No acudimos al pasado más que cuando lo precisamos para afianzar
el presente. Nos volvemos a él como hacemos con nuestros muertos: para que nos apoyen,
o nos protejan, o nos acompañen.
Utilizamos el recuerdo como una vasta herencia
que nunca se agota. Y, así, justificamos errores, lavamos culpas, urdimos
tramas insólitas, ratificamos la amargura, matamos el aburrimiento… Damos salvoconductos a nuestras prisiones y a nuestra torpeza. El pasado es siempre útil para
apuntalar cualquier mentira, pero la mentira burda es como el agua del mar, que
da más sed cuanto más la bebes.
El pasado es un refugio fácil, ya que lo
modelamos a nuestro gusto. Lo que llamamos memoria es la reescritura de viejos
sueños y antiguas pesadillas.

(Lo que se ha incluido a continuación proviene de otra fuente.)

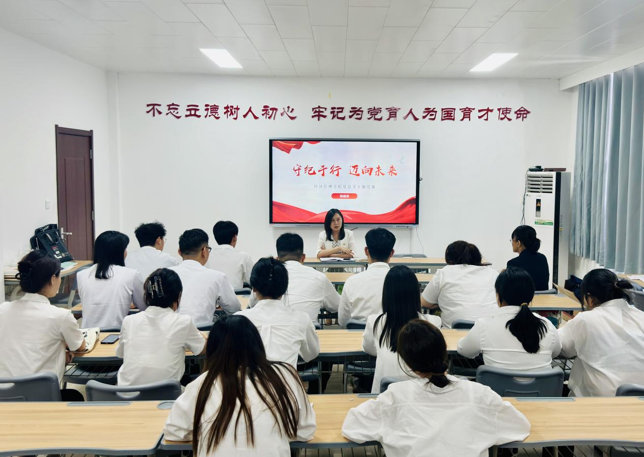 为推动党纪学习教育走深走实,引导毕业生党员学纪、知纪、明纪、守纪,近日,校纪委书记陈雅莉在A505为best365官方网站毕业生党员讲授“守纪于行 迈向未来”专题党课。副书记王盼红主持学习会。
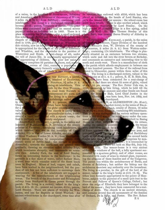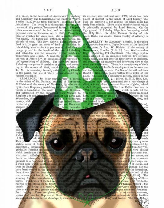 Party Pug White Modern Wood Framed Art Print with Double Matting by Fab Funky
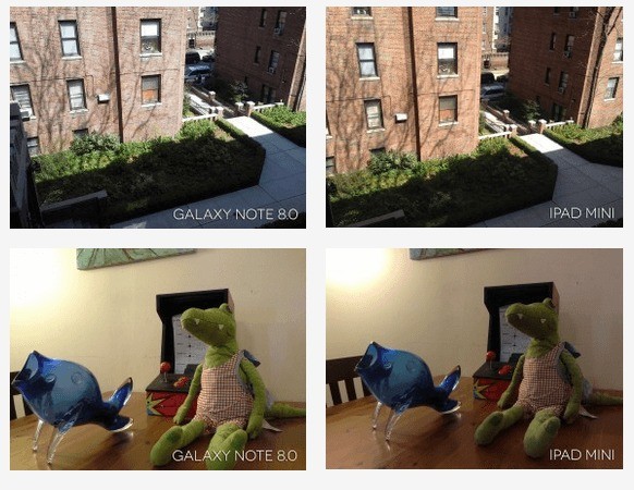 Il comparto multimediale del note 8.0, si avvale di due fotocamere: quella posteriore è di 5 mega pixel mentre quella anteriore è di 1.3 megapixels. La qualità delle foto è in linea con i concorretti della stessa fascia di mercato tuttavia le foto del prodotto Samsung risultano con colori leggermente più caldi rispetto ad altri tablet. Infine da non sottovalutare la lunga lista di opzioni software legate alla fotocamera, fornite gratuitamente dal produttore coreano. Tali applicazioni contribuiscono sicuramente a valorizzare la fotocamera del note 8.0.
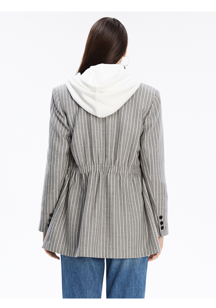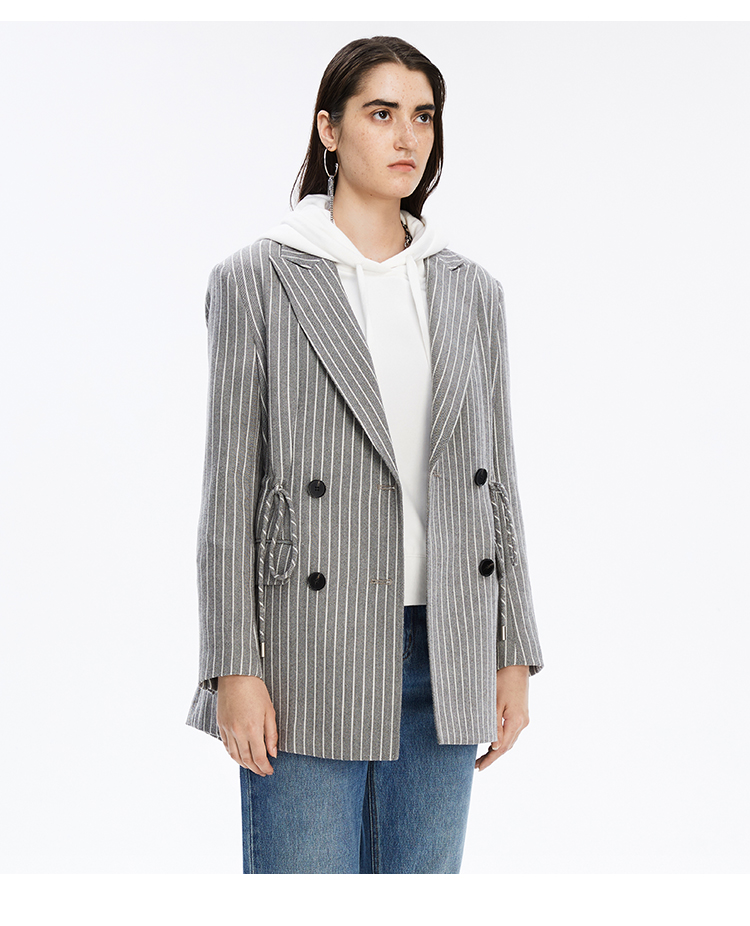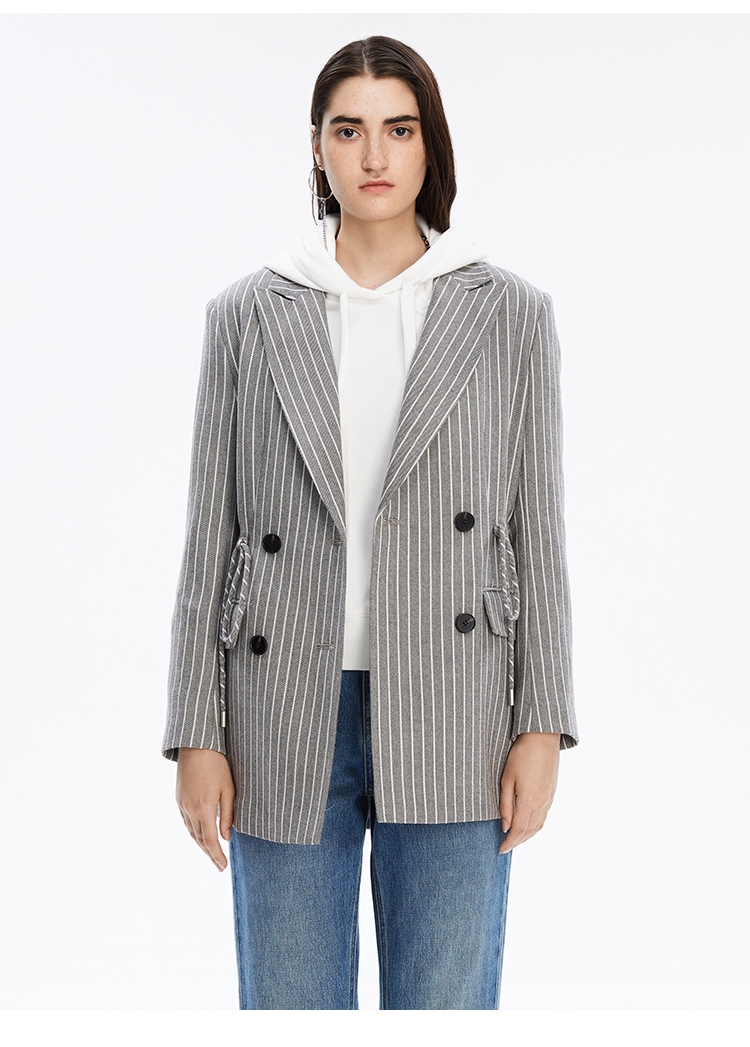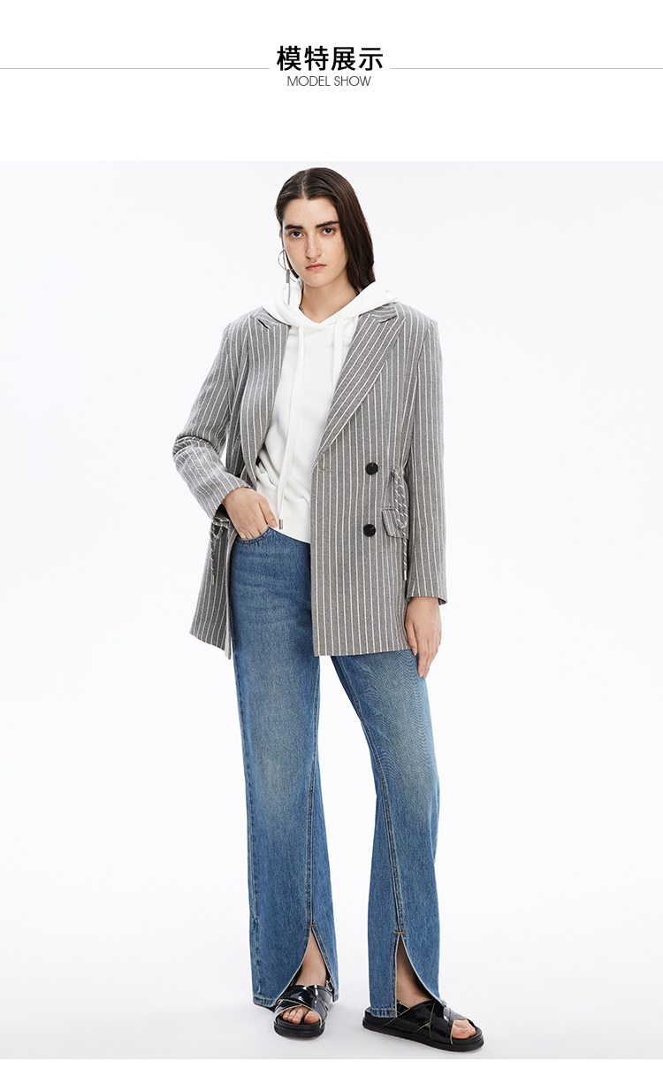 VIMAGE纬漫纪秋冬新款条纹修身休闲女士西装双排扣外套V1603223
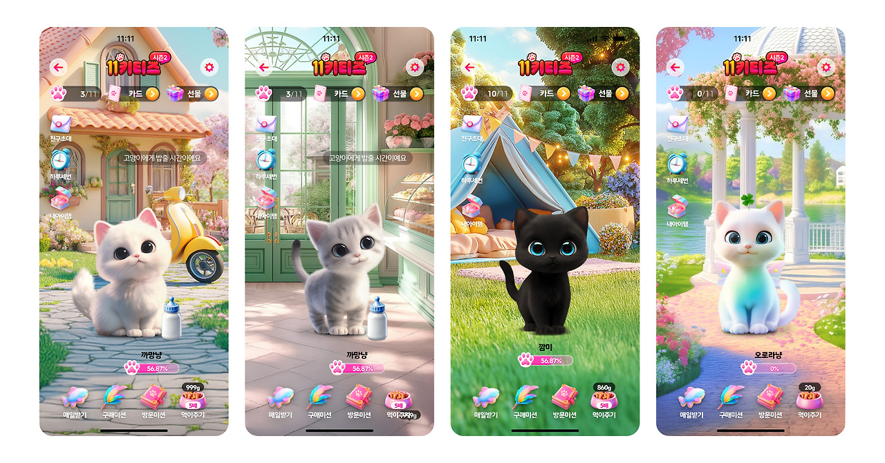 돌이온 11키티즈 시즌2는 어떻게 달라졌는지, 새로워진 메인 UI,게임 배경, 아이템, 이펙트 효과까지 제작 과정을 소개합니다.
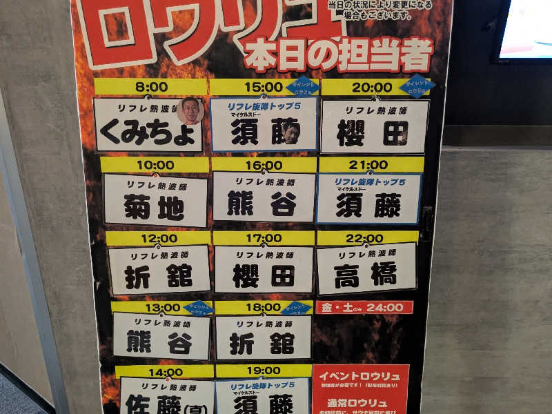 前日からカプセルルームに宿泊していて、滞在可能な時間は18時頃まで。ロウリュは8時から17時まで7回受け、滞在可能な時間帯に熊谷さんがサイレントと通常ロウリュの2回担当しますので、13時のサイレントロウリュはパスしました。
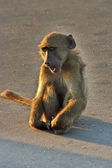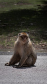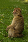 Dzika makaka Barbary siedząca na ścieżce na Gibraltarze, Europa
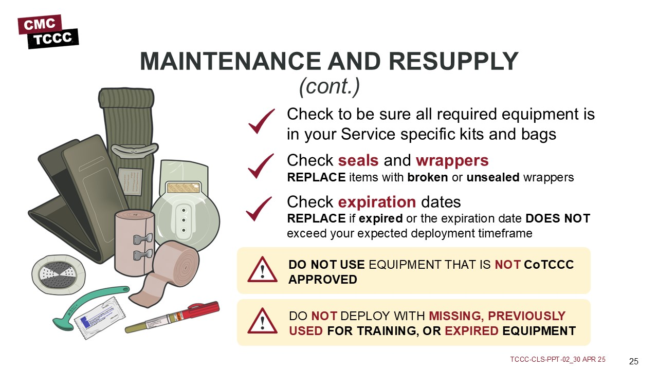 Medications and many medical-grade materials such as hemostatic dressings have an expiration date and lot number. Check all medications and medical-grade items for expiration date and replace if expired or the expiration date does not exceed your expected deployment timeframe. Generally, items such as tourniquets do not have an expiration date, but check to ensure the devices are approved by the DoD Committee on Tactical Combat Casualty Care, are serviceable, and reflect the current generation (have not been replaced with a newer model, etc.).
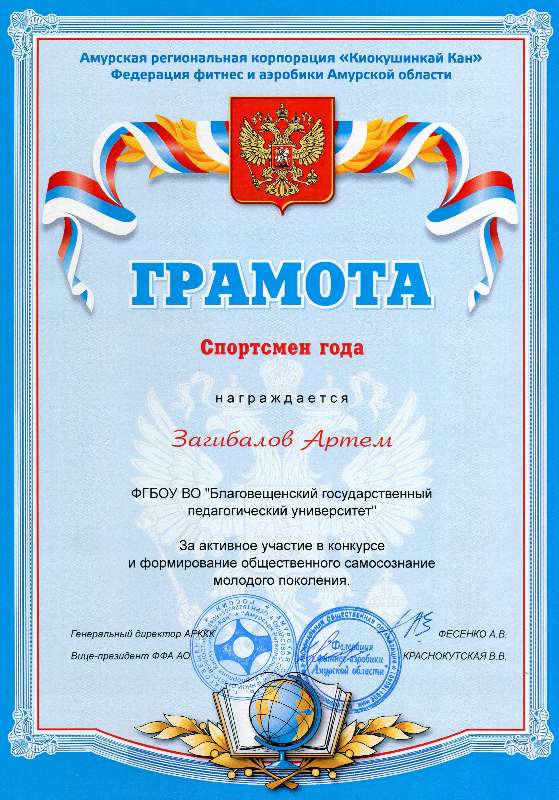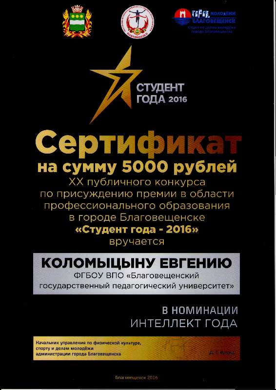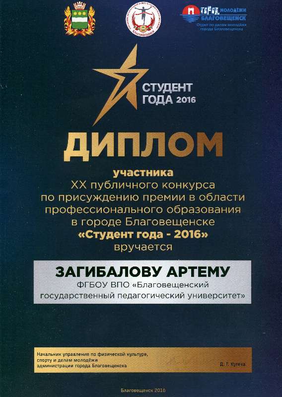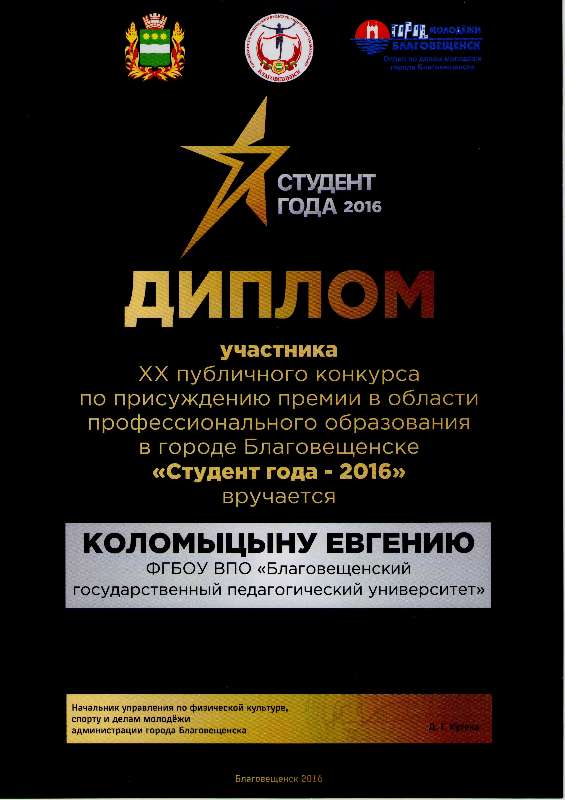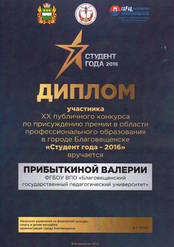 XX публичный конкурс по присуждению премии в области профессионального образования «Студент года-2016» прошел в городе Благовещенске. В номинации «Спортсмен года» БГПУ представлял Артем Загибалов, ФМФ, в номинации «Интеллект года» - Евгений Коломыцын, ФМФ, в номинации «Лидер студенческого самоуправления» - Валерия Прибыткина, ИФФ.
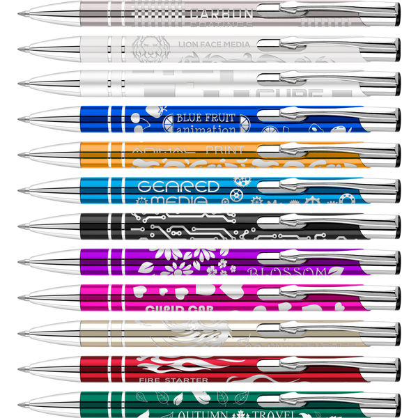 Attractive aluminium push button ballpen with lacquer finish and chrome trim. The popular Electra ballpen but can be engraved with your logo, message or design 360 degrees around the barrel and certain to make impact. Black ink refill.
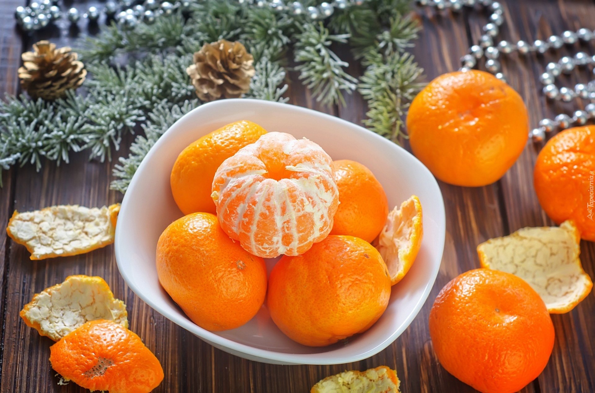 Edytor tapety: Mandarynki, Szyszki, Gałązki, Świerkowe, Koraliki
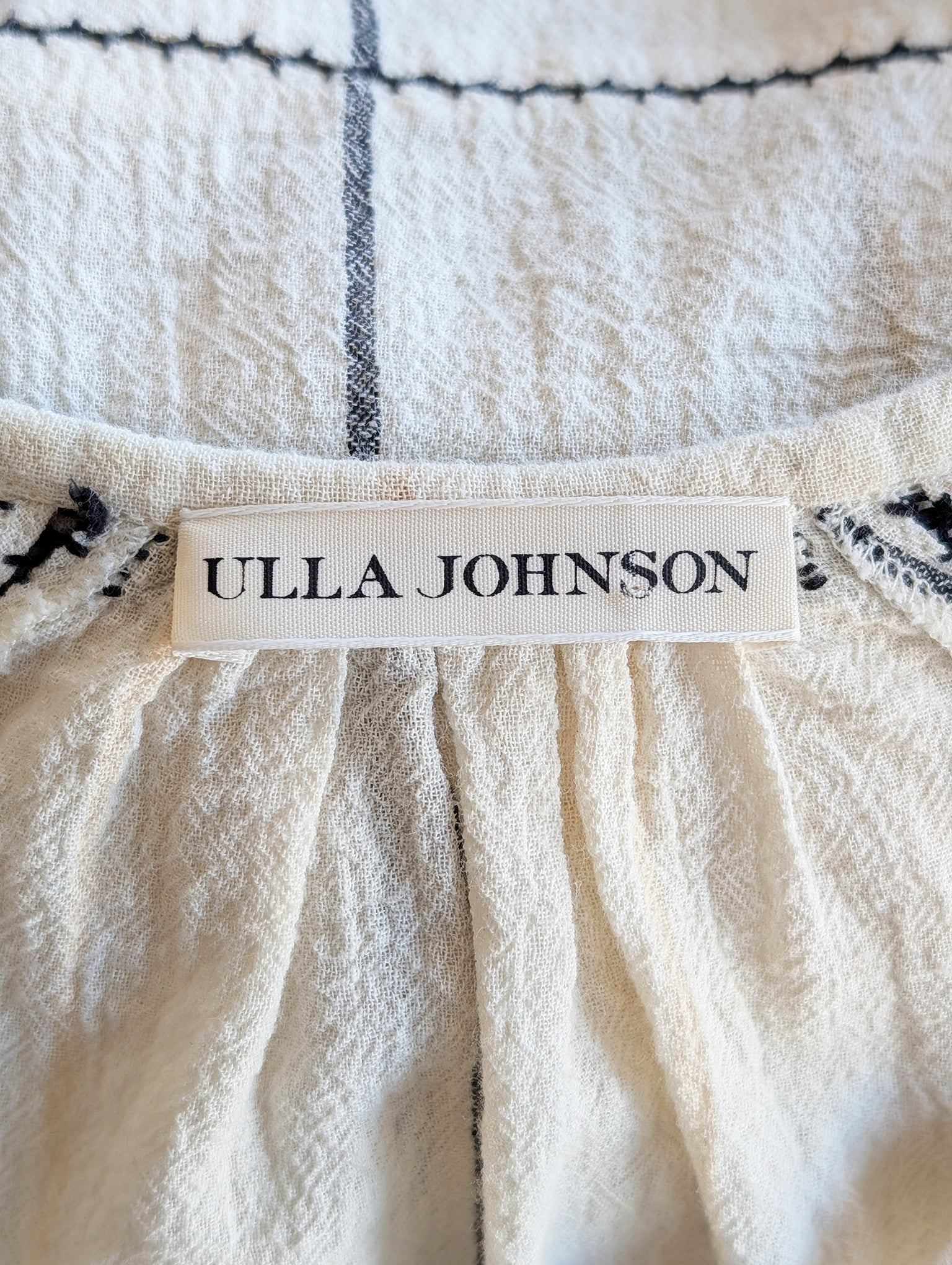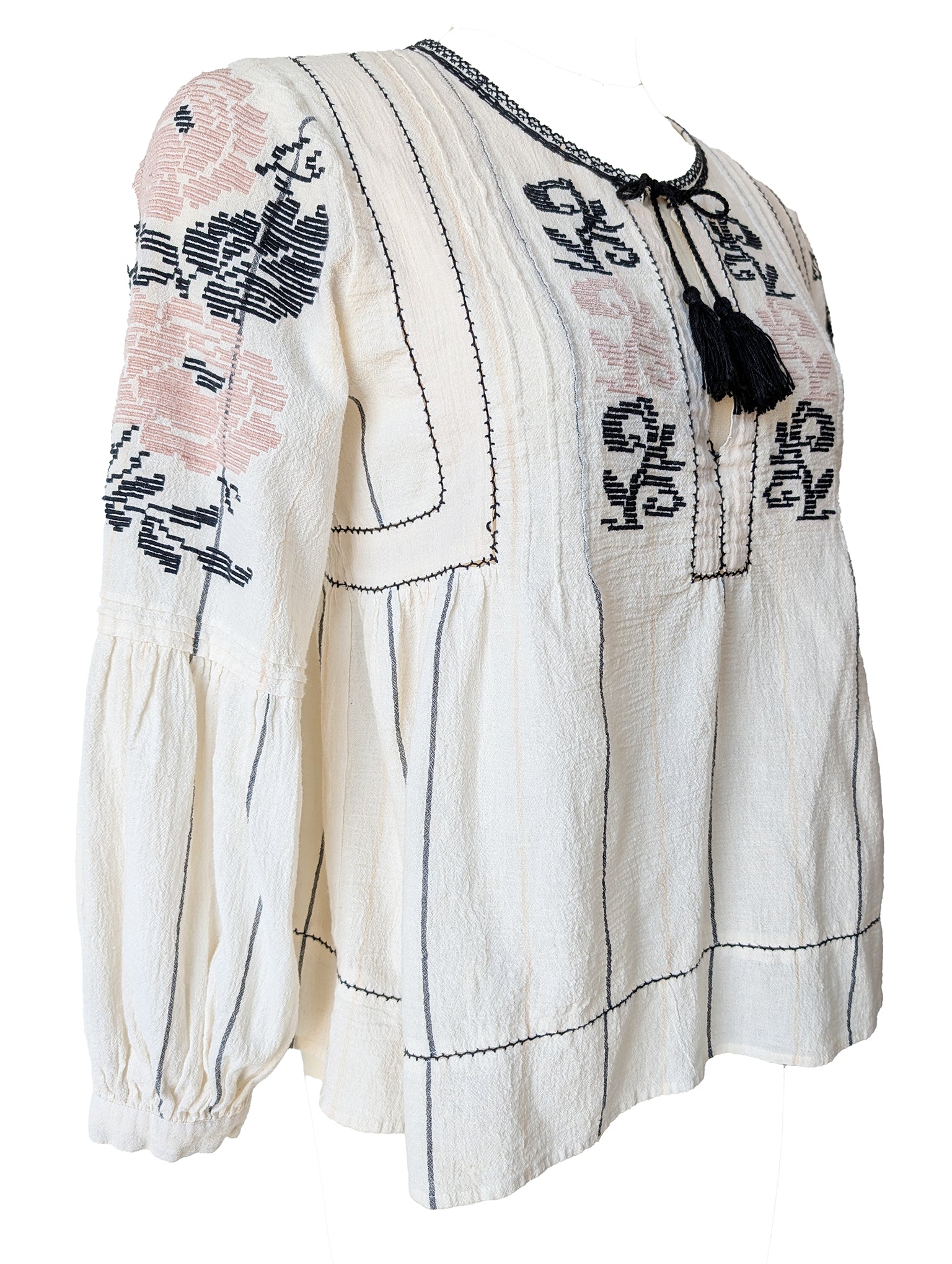 A study in balance: soft geometry, strong point of view. This woven cotton top pairs pale pink and black embroidery against a textured ivory ground, stitched in linear panels that frame the body just so. Finished with gathered sleeves and tassels at the open neckline, it's a gentle mix of romance and structure. Top is in excellent condition and free of notable flaws.

Qué dulce es arroparse en lo que nos ha complacido,
y recordarlo como nos gusta, cuando en el hoy hace demasiado frío. Somos tan
ingenuos que andamos buscando las mentiras más bellas para hacer de ellas
nuestra fe, para abandonarnos como amantes incondicionales. Ay el maldito
hechizo maravilloso de la felicidad pasada: como todos los mitos, podría
hacernos prisioneros.
Y no sucede otra cosa con
los recuerdos ingratos: pretendemos que nos den la razón en el presente, en lugar
de mirar con ojos limpios y construir lo nuevo.